Destructors cannot be overloaded.
Destructors do not have a return type. The implied return type of a destructor is void.
The C# compiler converts destructors to Finalize methods, which override the inherited method. Here is a simple destructor:
~ZClass() {
--propCount;
}The C# compiler will emit a Finalize method for the ZClass. The Finalize method replaces the destructor in Microsoft Intermediate Language (MSIL) code. Figure 17-4 shows the ZClass class. Notice the Finalize method and the absence of the Destructor method.
The C# compiler generates the following MSIL code for the ZClass destructor (for clarity, extraneous code has been removed from the listing):
.method family hidebysig virtual instance void Finalize() cil managed
{
.maxstack 2
.try
{
IL_0001: ldsfld uint8 Donis.CSharpBook.ZClass::propCount
IL_0006: ldc.i4.1
IL_0007: sub
IL_0008: conv.u1
IL_0009: stsfld uint8 Donis.CSharpBook.ZClass::propCount
IL_000f: leave.s IL_0019
}
finally
{
IL_0011: ldarg.0
IL_0012: call instance void[mscorlib]System.Object::Finalize()
IL_0018: endfinally
}
IL_0019: nop
IL_001a: ret
}The Finalize method provided by the C# compiler contains a termination handler, which is the finally block. The try block contains the code from the original C# ZClass destructor. The termination handler calls the Finalize method of the base class. Because the call is in a termination handler, the finalizer of the base class is called even if an unhandled exception is raised in the destructor of the current class. This means that calls to the Finalize method propagate through the class hierarchy even when an exception is raised. This also means that developers should never attempt to call the destructor of the base class directly. The compiler-generated Finalize method assumes this responsibility.
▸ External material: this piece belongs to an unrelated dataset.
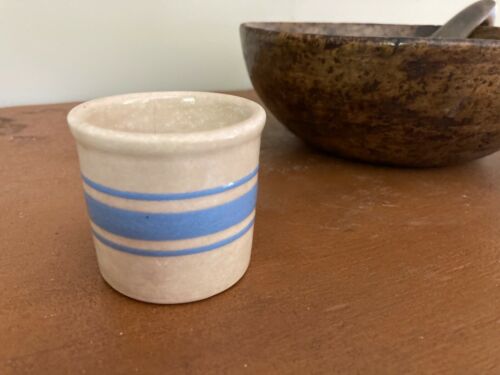 VINTAGE BLUE STRIPED STONEWARE PRIMITIVE CUSTARD CUP MINI CROCK FARMHOUSE 2.5"

Many developers have lamented the decision to associate finalizers with destructors. C++ developers are familiar with destructors. They are an integral part of the C++ language. This familiarity creates a level of expectation, which is honored only partially in C#. There are tangible differences between C++ and C# destructors, including the following:
C++ destructors can be called deterministically, whereas C# destructors are called nondeterministically.
C++ destructors can be virtual or nonvirtual, whereas C# destructors are implicitly virtual.
C++ destructors execute on the same thread that created the object, whereas C# destructors execute on a dedicated finalizer thread.
C++ destructors cannot be suppressed at run time, whereas C# destructors can be suppressed.
As mentioned already, finalizers are called nondeterministically. In code, you cannot call them directly. When are finalizers called?
During the garbage collection process
When the AppDomain of an object is unloaded
When the GC.Collect method is called
When the CLR is shutting down
Knowing the specific reason for finalization can be helpful. You can confirm that finalization is initiated by an application unload or by a CLR shutdown. The AppDomain.IsFinalizingForUnload method, which is an instance method, returns true if the application domain is unloading and finalization has begun on objects in that domain. Otherwise, the method returns false. The Environment.HasShutdownStarted property is a static property that returns true if the CLR is shutting down or the application domain is unloading. Otherwise, the property returns false.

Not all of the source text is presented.